First, let's list the coordinates of the points in the two triangles:
- Triangle \( XYZ \):
- \( X(0, 0) \)
- \( Y(0, -2) \)
- \( Z(-2, -2) \)
- Triangle \( X'Y'Z' \):
- \( X'(0, 0) \)
- \( Y'(2, 0) \)
- \( Z'(2, -2) \)
We are given the following rotation options to consider:
1. \( R_{0, 0^\circ} \) - Rotation of 0 degrees
2. \( R_{0, 180^\circ} \) - Rotation of 180 degrees
3. \( R_{0, 270^\circ} \) - Rotation of 270 degrees
4. \( (x, y) \rightarrow (-y, x) \)
5. \( (x, y) \rightarrow (y, -x) \)
Let's evaluate each option to verify whether it correctly transforms triangle \( XYZ \) to triangle \( X'Y'Z' \):
### 1. Rotation of 0 degrees
The points remain the same:
- \( X(0, 0) \rightarrow X'(0, 0) \)
- \( Y(0, -2) \rightarrow Y'(0, -2) \)
- \( Z(-2, -2) \rightarrow Z'(-2, -2) \)
This does not match \( X'Y'Z' \).
### 2. Rotation of 180 degrees
Using the rotation formula for 180 degrees \((x, y) \rightarrow (-x, -y)\), we get:
- \( X(0, 0) \rightarrow X'(0, 0) \)
- \( Y(0, -2) \rightarrow Y'(0, 2) \)
- \( Z(-2, -2) \rightarrow Z'(2, 2) \)
This does not match \( X'Y'Z' \).
### 3. Rotation of 270 degrees
Using the rotation formula for 270 degrees \((x, y) \rightarrow (y, -x)\), we get:
- \( X(0, 0) \rightarrow X'(0, 0) \)
- \( Y(0, -2) \rightarrow Y'(-2, 0) \)
- \( Z(-2, -2) \rightarrow Z'(-2, 2) \)
This does not match \( X'Y'Z' \).
### 4. Transformation \((x, y) \rightarrow (-y, x)\)
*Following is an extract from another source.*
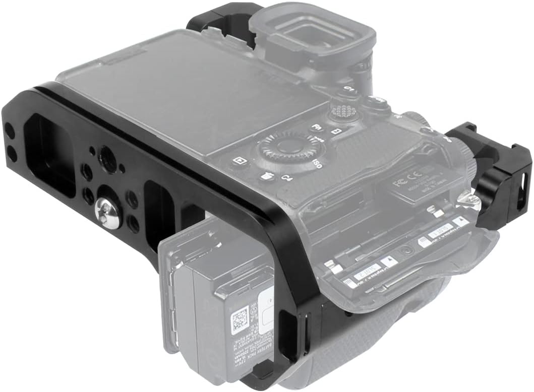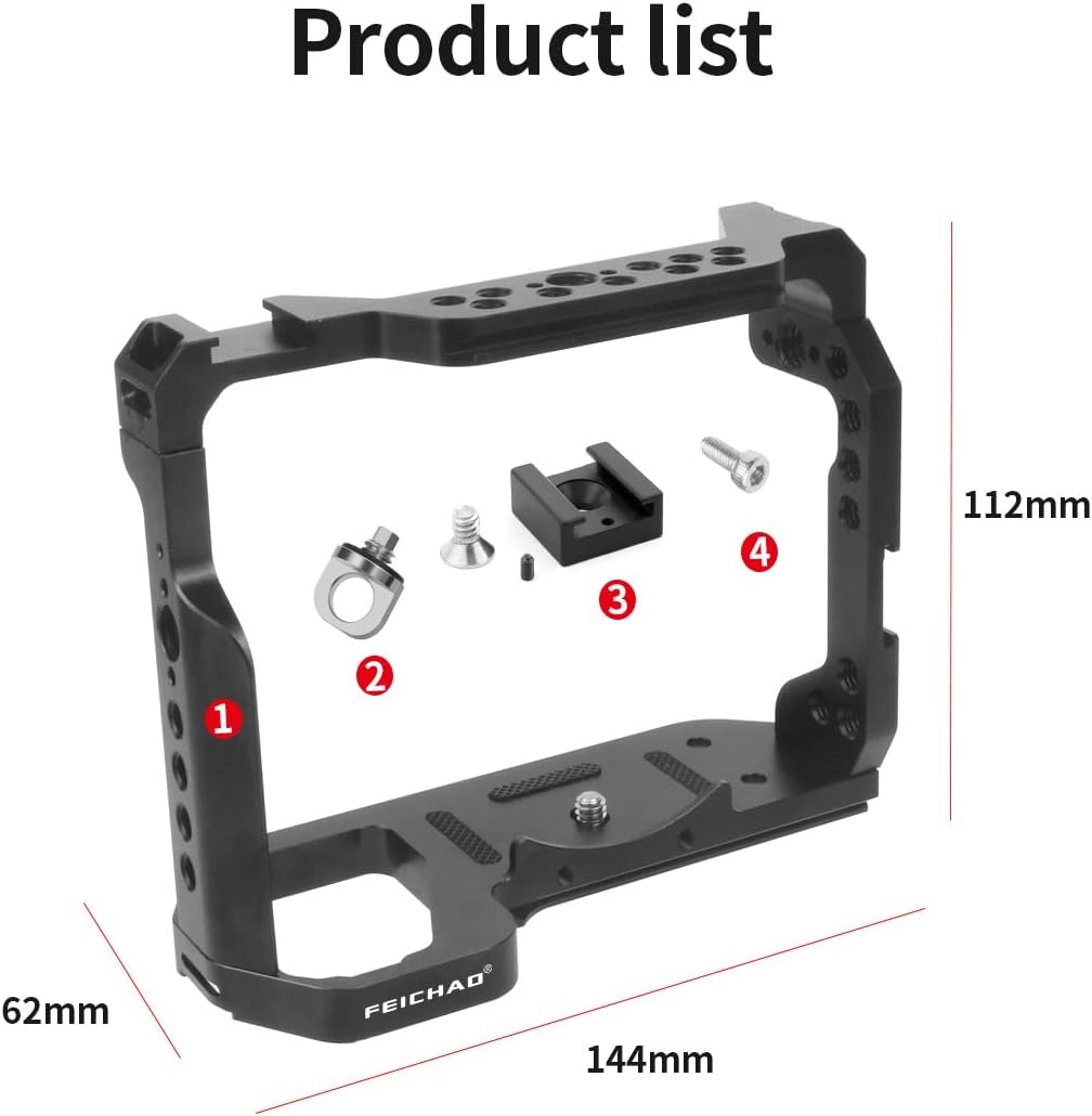 FEICHAO Camera Cage Aluminum Compatible with Sony A7C / A7R3,A7M3, A9 Case Rig DSLR Camera A7C Cage Features: 1. Formfitting Full Cage for Sony A7C, Compact and Various assembly, Easy ing. 2. Shockproof, Double screws to fix on the side and at the bottom, Firmly Fixed to Camera. 3. Abundant external holes, Horizontal and vertical ing can be achieved, 1/4"-20 & 3/8"-16 Threads and A-style Mounts, Cold Shoe interface. 4. Integrated Arca-style Plate, and Cold Shoe Mount. 5. Easy to disassemble, Comes with one multi-purpose T-shaped hexagonal wrench tool. 6. Reserve battery disassembly and assembly position for the camera, Does not block camera buttons or cable holes. 7. Real machine modeling design, CNC carved. Detail: Brand: Feichao Material: aluminum alloy + stainless steel screw Aluminum alloy surface process: the surface is inferior oxidation Size: Only Cage about 143 * 55 * 93mm Color: black Packaging: bag + boxed (164 * 114 * 61) Product new weight: Only cage about 330g

Applying this transformation, we get:
- \( X(0, 0) \rightarrow X'(0, 0) \)
- \( Y(0, -2) \rightarrow Y'(2, 0) \)
- \( Z(-2, -2) \rightarrow Z'(2, -2) \)
This matches \( X'Y'Z' \).
### 5. Transformation \((x, y) \rightarrow (y, -x)\)
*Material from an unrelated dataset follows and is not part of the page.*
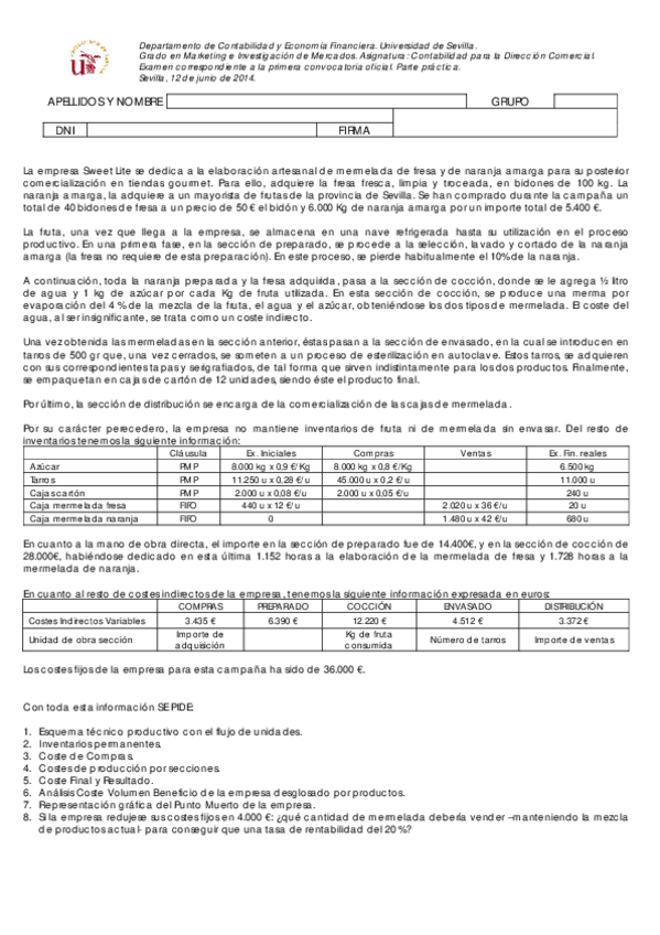 He publicado nuevos examenes de 2º Contabilidad Para la Dirección Comercial: Solución Sweet Lite (examen de junio 2014).pdf
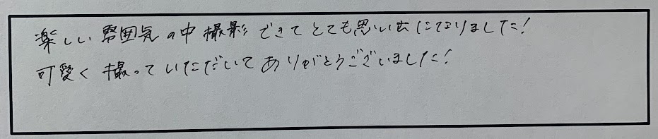 ご家族皆様も来ておりいろんなお話をしながら撮影できて私たちも楽しかったです(*’▽’)

Applying this transformation, we get:
- \( X(0, 0) \rightarrow X'(0, 0) \)
- \( Y(0, -2) \rightarrow Y'(-2, 0) \)
- \( Z(-2, -2) \rightarrow Z'(-2, 2) \)
This does not match \( X'Y'Z' \).
Based on the evaluations, the two rules that correctly describe the rotations producing the image triangle \( X'Y'Z' \) from triangle \( XYZ \) are:
- \( R_{0, 0^\circ} \) (which actually is the identity transformation and would normally not be considered but matches one of the transformations)
- \( (x, y) \rightarrow (-y, x) \)
So, the two options are:
- \( R_{0, 0^\circ} \)
- \( (x, y) \rightarrow (-y, x) \)
Therefore, the answer is [tex]\( \boxed{R_{0, 0^\circ}, (x, y) \rightarrow (-y, x)} \)[/tex].